The objective of the audit was to assess the effectiveness of DHS' management of the tender process for a replacement BasicsCard to support the delivery of the income management scheme.

In conducting the audit, the Australian National Audit Office (ANAO) assessed the following five key areas of the replacement BasicsCard procurement process, which are described in the Department of Finance and Deregulation's (Finance) Guidance on the Mandatory Procurement Procedures :

• planning for the procurement;
• preparing to approach the market;
• approaching the market;
• evaluating tender submissions; and
• concluding the procurement, including contract negotiation.

Summary

Introduction

Income management was part of a package of measures introduced by the former Government in response to the public release of the 2007 report Little Children are Sacred, authored by the Board of Inquiry into the Protection of Aboriginal Children from Sexual Abuse.
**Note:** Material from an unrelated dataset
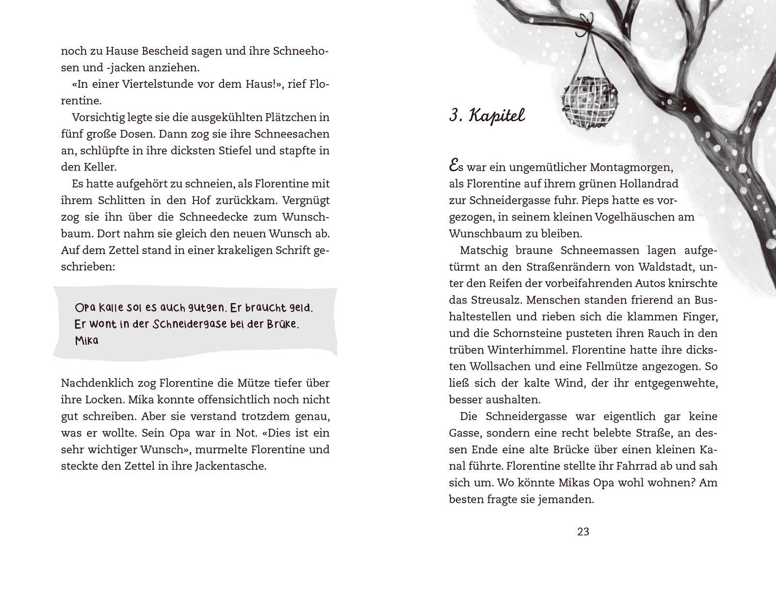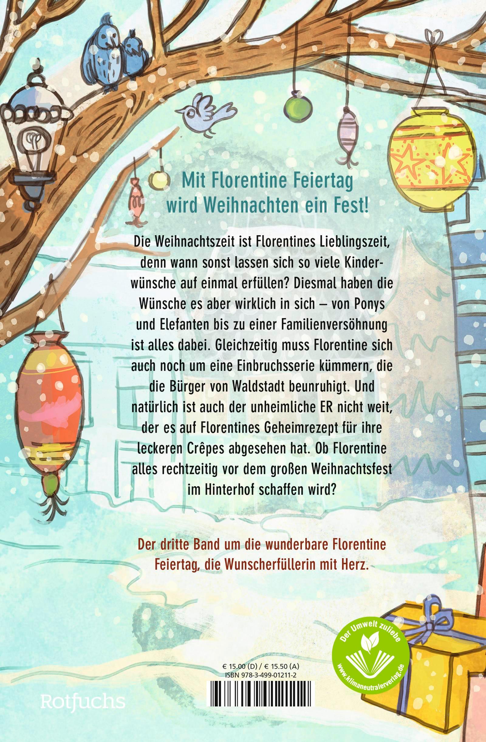Die Weihnachtszeit ist die Lieblingszeit von Florentine Feiertag, denn wann sonst lassen sich so viele Kinderwünsche auf einmal erfüllen? Und Wünsche erfüllen ist nun mal Florentines Leidenschaft. Diesmal haben die Wünsche es aber wirklich in sich - von Ponys und Elefanten über Trampoline bis hin zu einer Familienversöhnung ist alles dabei. Gleichzeitig muss Florentine sich auch noch um eine Einbruchsserie kümmern, die den kleinen Ort Waldstadt beschäftigt. Und natürlich ist auch der unheimliche ER nicht weit, der es auf Florentines Geheimrezept für ihre leckeren Crêpes abgesehen hat. Ob Florentine alles rechtzeitig vor dem großen Weihnachtsfest im Hinterhof schaffen wird?Mit Illustrationen von Annabelle von Sperber nach den Originalen von Nina Dulleck

Income management was announced as part of the Government's 2007 Northern Territory Emergency Response. The key measures in the response were designed to protect children and make communities safer for people living in Indigenous communities and town camps in the Northern Territory.

Income management operates by directing a fixed percentage (between 50 and 70 per cent) of most income support and family assistance payments, and 100 per cent of an individual's advance and lump sum payments, to the purchase of essential goods and services. Details of the income management scheme are contained in the Social Security (Administration) Act 1999 (Cwlth).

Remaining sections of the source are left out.